Cant jokes
When orphans go to school, they can’t get parent pickup.
Why don't orphans call...
Because they can't call home.
Why do orphans hate baseball so much?
Because they can't run home.
Hey any riding with Biden fans out there?
I ran out of gas and could really use a ride so if one of ya'll can call me and pick me up that'd be great and I can't get gas because I only have 20 bucks which is like 1-5 and a half, help me please.
Lil Jimmy: Hey doc.
Doctor: Hi, sorry but I can’t see you anymore.
Lil Jimmy: Why?
Doctor: Because, Lil Jimmy, I’m a family doctor, you're an orphan.
Lil Jimmy: 👁👄👁🖕
Zion is so fat that his dick can't even fit in his wife's pussy.
Why can't orphans play baseball?
Because they can't find home.
Why can't orphans ever get a car? Because they don't have a birth certificate.
Do you know why orphans can't get married? Because they will never get their parents' blessing.
Why can't emos come out of the closet to their parents?
Because they won't be there to stick around.
Why can't Heaven and Hell ever be one 2nd paradise?

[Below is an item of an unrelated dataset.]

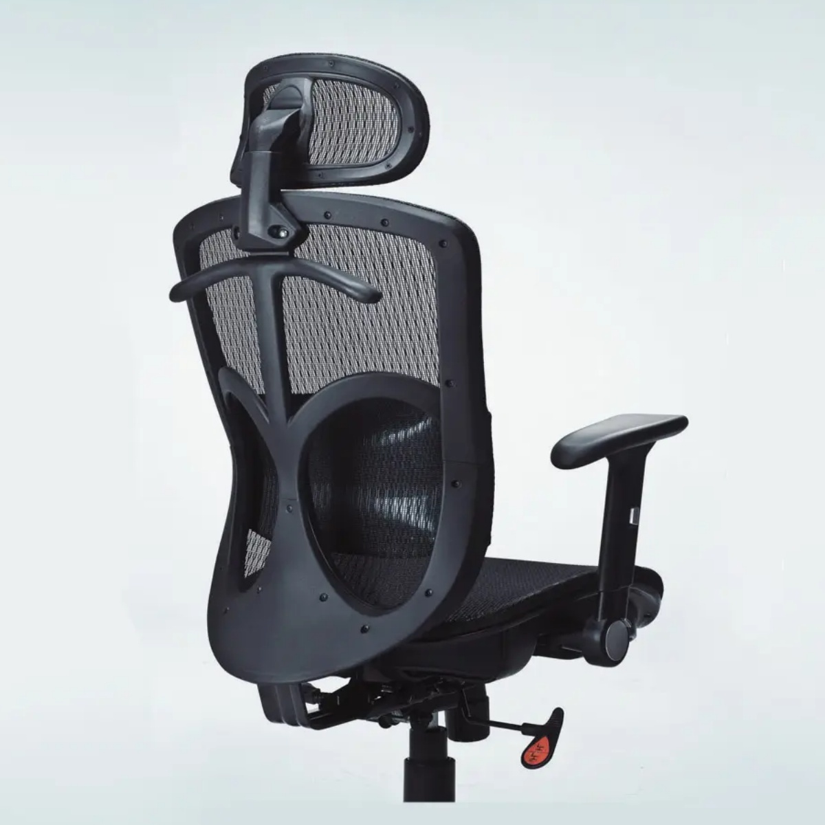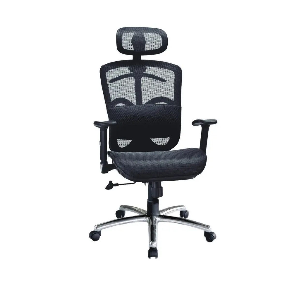 大型全黑網辦公椅,椅背衣架/氣墊護腰/升降扶手/鋁合金腳。

Heaven always has 5-star reviews.
What makes Stephen Hawking and your dumped girlfriend similar?
They can't stand up for themselves.
I can't spell. Spell. Pels. Slepe. Spell. Ellpas[a[dpa[pw[paew[pfopaojf[apdkoc[asndcsdokd Fkuc.
Why can't the cheetah play hide and seek? Because he's always spotted.
I saw one kid in a game. He went, "I love you, tree!" He was dumb as cant tell, sorry.
Your life can't be a joke; a joke has meaning.
Yo mama so fat, she can’t even fit on the rainbow.
Why can’t orphans play baseball?
Because they have no home to run to, lmao.
Why can’t orphans play baseball?
Because they didn’t have a home.
Why can't orphans play baseball?
Because they have no home to run to!